REQUIRED WORK – Repeat word for word the lines from the top of the records through the line containing "Свечано отварање градског базена у Борковцу", and skip the pictures.

INPUT MATERIAL –
##########
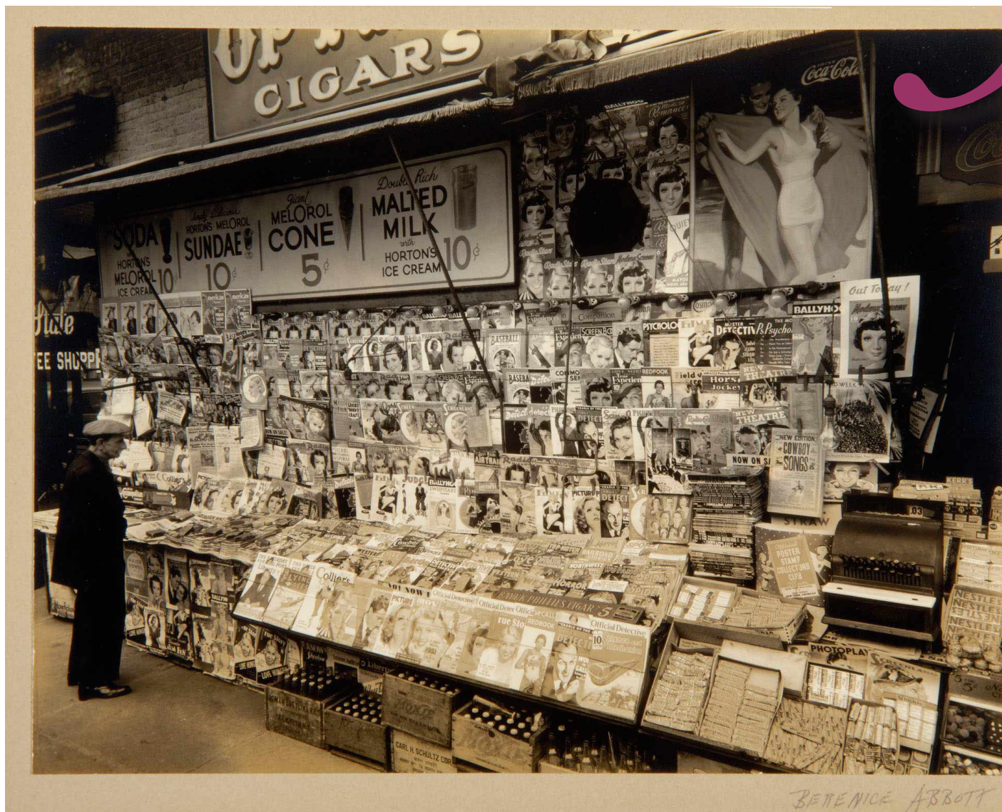
Berenice Abbott, Newsstand, 32nd Street and Third Avenue, 1935
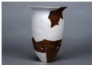
5 第36号住居跡 (第268図60)
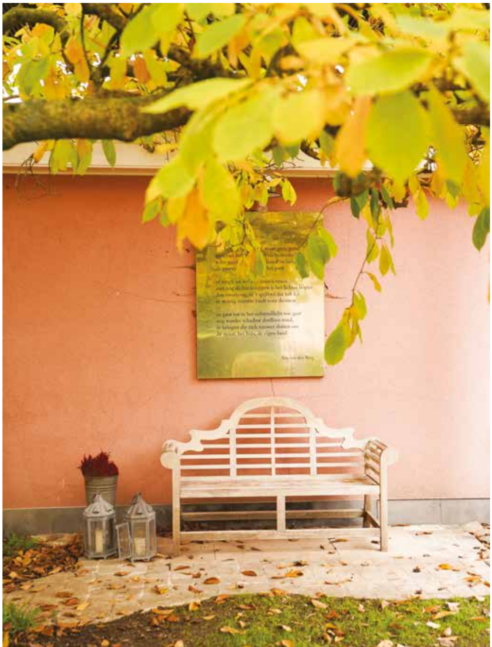
Hotel Recour, p. 168
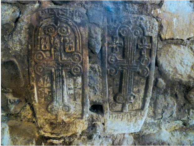
Նկ. 3. Բենուտէջին ագուցված զոյգ խաչքարերը
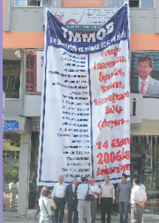
10 Ekim 2006, Kahramanmaraş
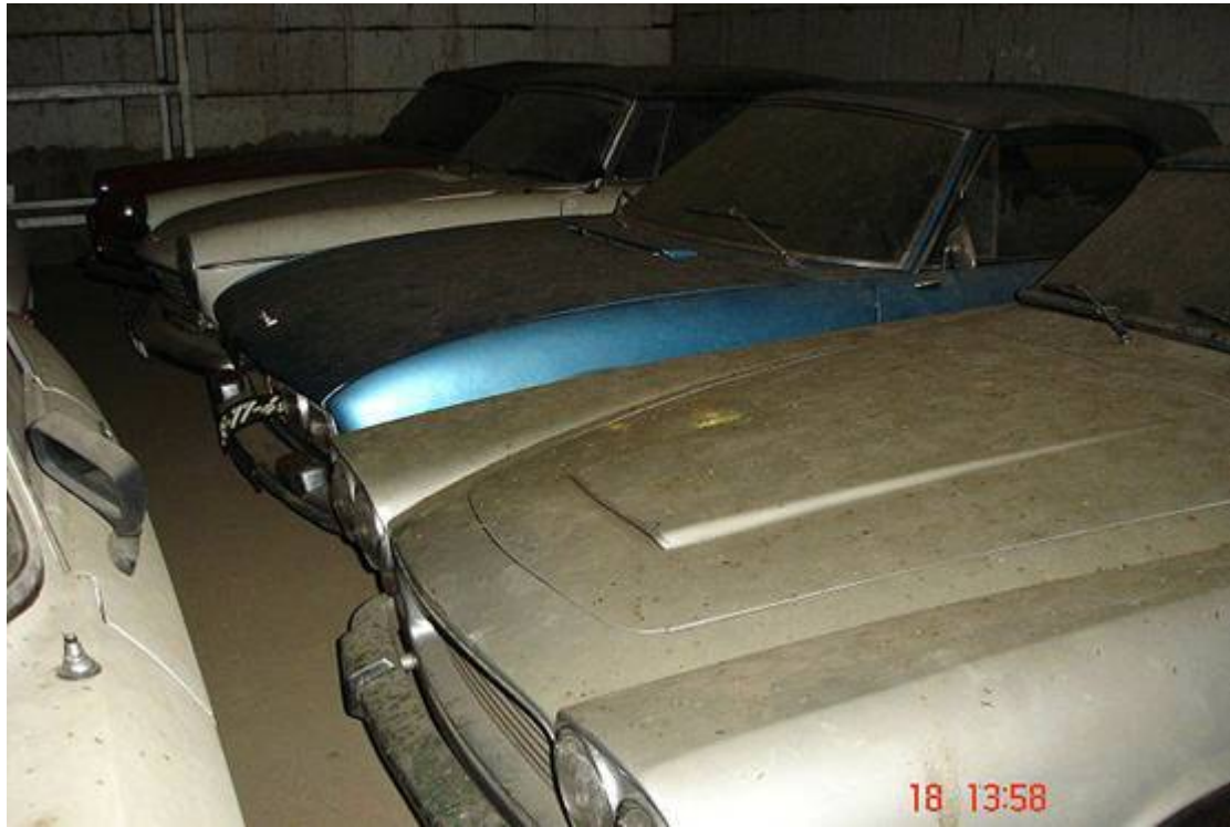
Lancia Flaminia Coupé, Peugeot 504 cabriolet & 404 cabriolet.
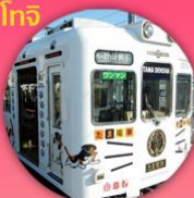
นั่งรถไฟทามะ
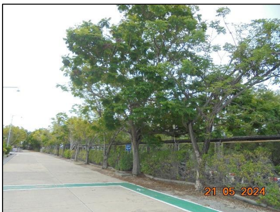
พื้นที่สีเขียวในปัจจุบัน
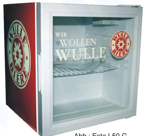
Abb.: Esta L50 G im Kundendekor
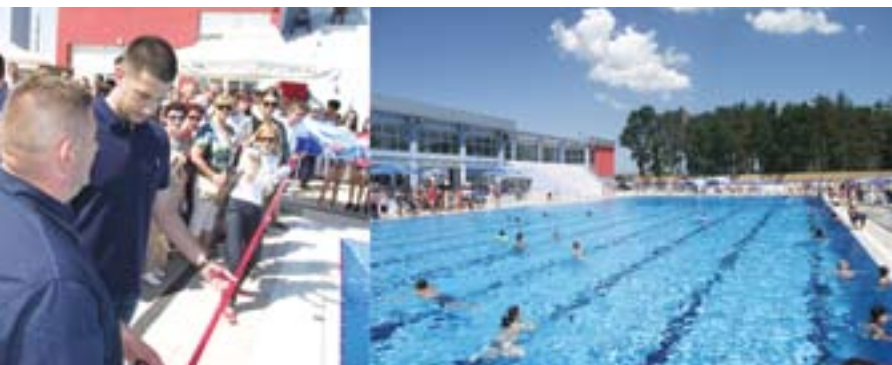
Свечано отварање градског базена у Борковцу

до 50 људи. Реч је о „Новотехни“ и „Карби“, које ће такође допринети смањењу броја незапослених. Након реализације свих ових инвестиција, кроз које се број нових радних места пење ка 4.000, очекујемо да ће незапосленост у Руми бити сведена на ниво од свега седам-осам одсто, колика је у најразвијенијим државама ЕУ, што практично значи да ће радити сви који буду то желели.
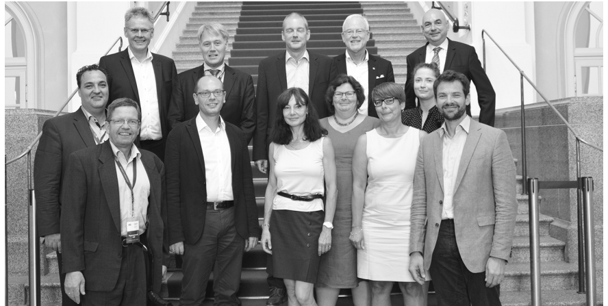
Die Kammervorteiler im Gespräch mit Landtagsabgeordneten der Grünen.

Abschließend ging er auf die neue Verwaltungsvorschrift Technische Baubestimmungen ein, die mit ca. 350 Sei-
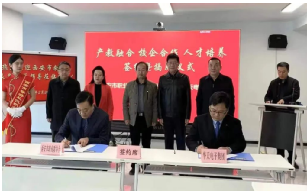
图 10 签约仪式现场

案例 16 西安市特殊教育职业学校校企合作紧密，成效显著。该校分别与陕西振彰食品有限公司（御品轩）、西安精典汽车美容有限公司等多家企业开展常态化交流与合作。通过聘请企业高级技师来校实操指导、选派专任教师深入企业学习培训、邀请企业骨干专家指导教学等多种方式，进一步提升教师的专业知识水平和专业技能。同时把企业作为学生的实习实训基地，重视学生专业技能学习和动手能力的培养，为学生就业与岗位胜任力的提升奠定良好基础。
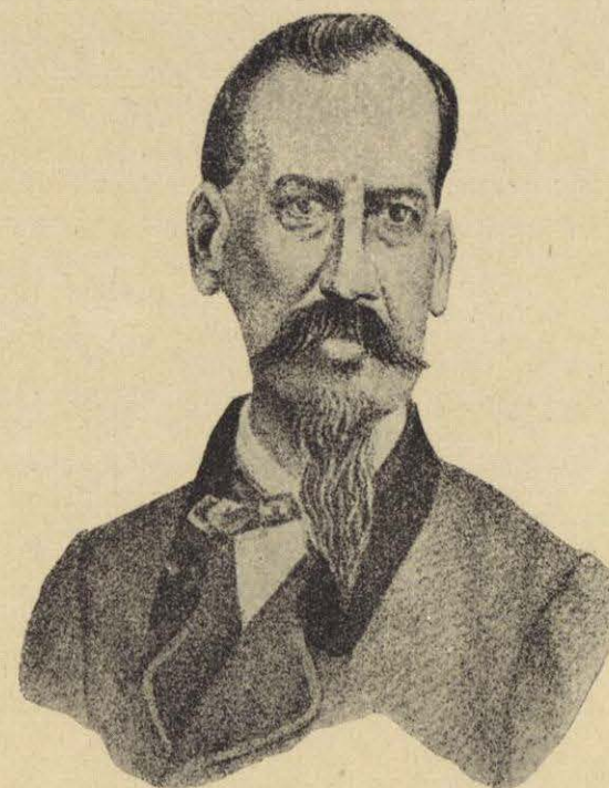
GENERAL RAFAEL BENAVIDES.

Los conservadores prometían paz al país, que había sido azotado tan largo tiempo por la guerra civil; la Iglesia naturalmente apoyaba la intervención, que sostenía la autoridad eclesiástica y sus antiguos privilegios y dignidades; y el populacho, que apenas
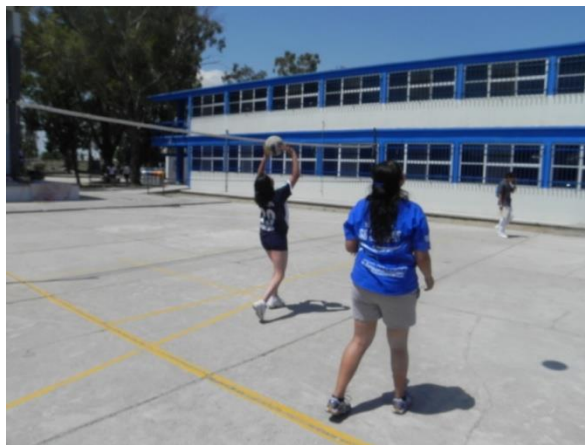
Figura 76. Cuerpo debajo del balón

4.- Descripción: lanzar el balón al aire, dejarlo que bote, posicionar el cuerpo debajo del balón con las manos arriba y realizar un boleo, el trabajo debe ser continuo por lo que la altura de los voleos será considerable para la buena ejecución del ejercicio (Figura 76).
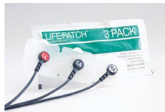
Elektrody EKG LIFE•PATCH®

Dla dorosłych, wstępnie żelowane. W opakowaniu 3 elektrody.
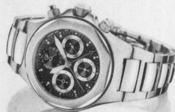
CHRONOMETRE AUTOMATIQUE MOVEMENT GP 03300 CALENDRIER COGNITION VISIBILE
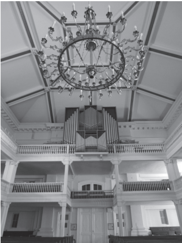
A Deák téri templom 1971-ben felszentelt mai orgonája.

A negyvennégy regiszteres, hárommanuális, pedálos hangszer az északnémet barokk orgonák stílusát idézi az orgonareform szellemében. A tömör hangzású főmű az orgonatest középvezetékében, felül helyezkedik el, ezt ellenpontozza a jellegzetes barokk szólóhangszíneket felvonultató Rückpositiv. A Brustwerk közvetlenül a játszóasztal fölött található csillogó, játékos regisztereivel. A pedál legnagyobb sípsorai kétoldalt állnak. Feltűnően gazdag diszpozíciója szintén északnémet barokk mintákat tükröz. 31 A Deák téri orgona csaknem száz év után az első nagy hangszer, amely csúszkaláda rendszerű szelládarendszerrel, mechanikus traktúrával épült hazánkban. Ezekkel és az alacsony szélnyomással, illetve az intonációval a neobarokk elveket követték a kor legjobb tudása szerint. Mindez óriási kihívást jelentett szakmai szempontból, hiszen az orgonaépítőknek több évtizede feledésbe merült technikákat kellett megtanulniuk. Tervező és kivitelezők a lehető legmagasabb szakmai színvonalon végezték dolgukat, sokszor szinte teljesíthetetlen feladatokat oldottak meg lehetetlent nem ismerő ügyszeretettel, elszánással és kreativitással. A politikai légkör is nehezítő tényező volt, hiszen importra alig volt lehetőség. A szelládákat, a nyelvregisztereket és a motort németországi cég készítette svédországi adományokból.
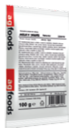
Milky Shake Naturea Jahoda
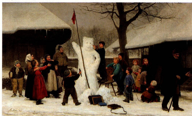
«Der Schneebär». El pintor conoce a «sus» berneses. No hacen un muñeco de nieve sino su animal heráldico, un oso de nieve.
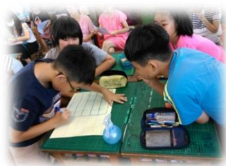
更容易掌握到學習重點
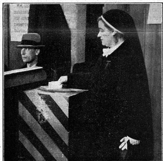
Le geste qu'aucune femme ne saurait accomplir sans perdre immédiatement toutes ses qualités...

Du point de vue féministe encore, qui nous intéresse surtout ici, il est intéressant de relever que, comme nous avions déjà eu l'occasion de le constater, il y a quatre ans, lorsque les
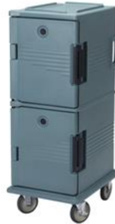
Hot box for food
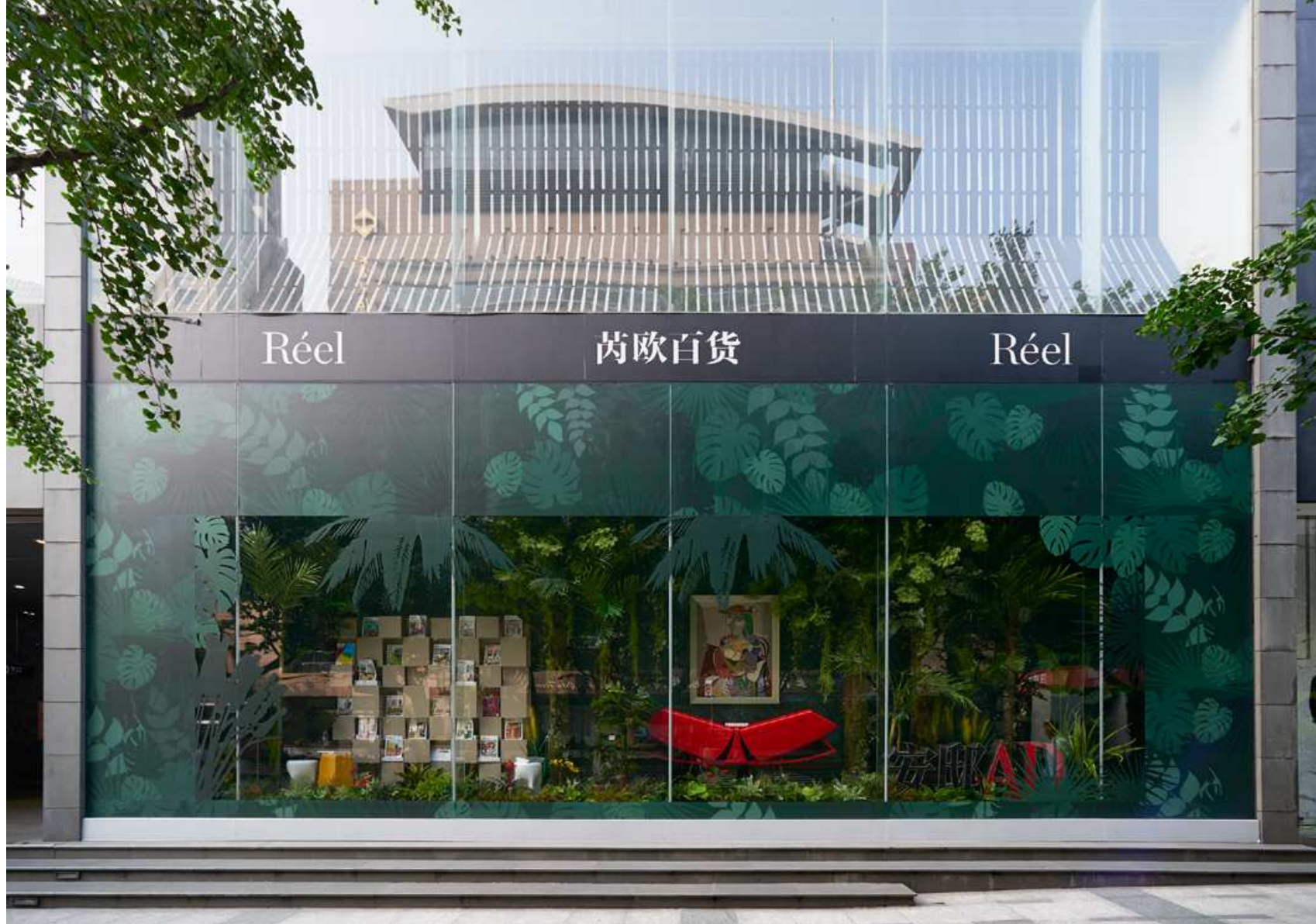
MAGAZINE AD / REEL MALL SHANGHAI : Window design
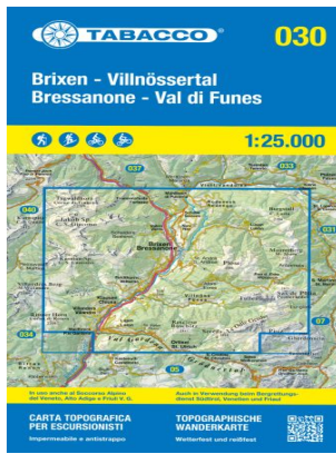
Tabacco-Karten - 030 Bressanone Brixen - Val di Funes Villnöss - Maßstab: 1:25.000
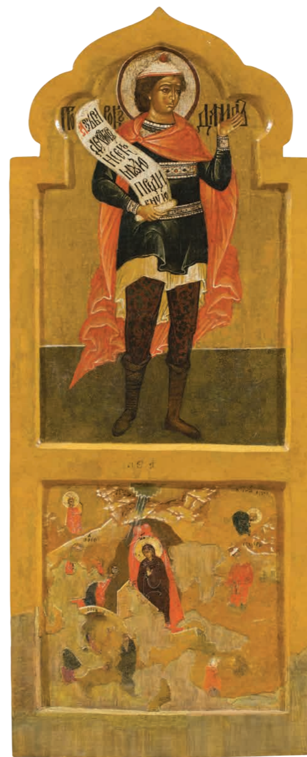
28. Пророк Даниил. Рождество Христово Дерево, темпера. 105×43,5
##########
FINISHED TASK –
Berenice Abbott, Newsstand, 32nd Street and Third Avenue, 1935
5 第36号住居跡 (第268図60)
Hotel Recour, p. 168
Նկ. 3. Բենուտէջին ագուցված զոյգ խաչքարերը
10 Ekim 2006, Kahramanmaraş
Lancia Flaminia Coupé, Peugeot 504 cabriolet & 404 cabriolet.
นั่งรถไฟทามะ
พื้นที่สีเขียวในปัจจุบัน
Abb.: Esta L50 G im Kundendekor
Свечано отварање градског базена у Борковцу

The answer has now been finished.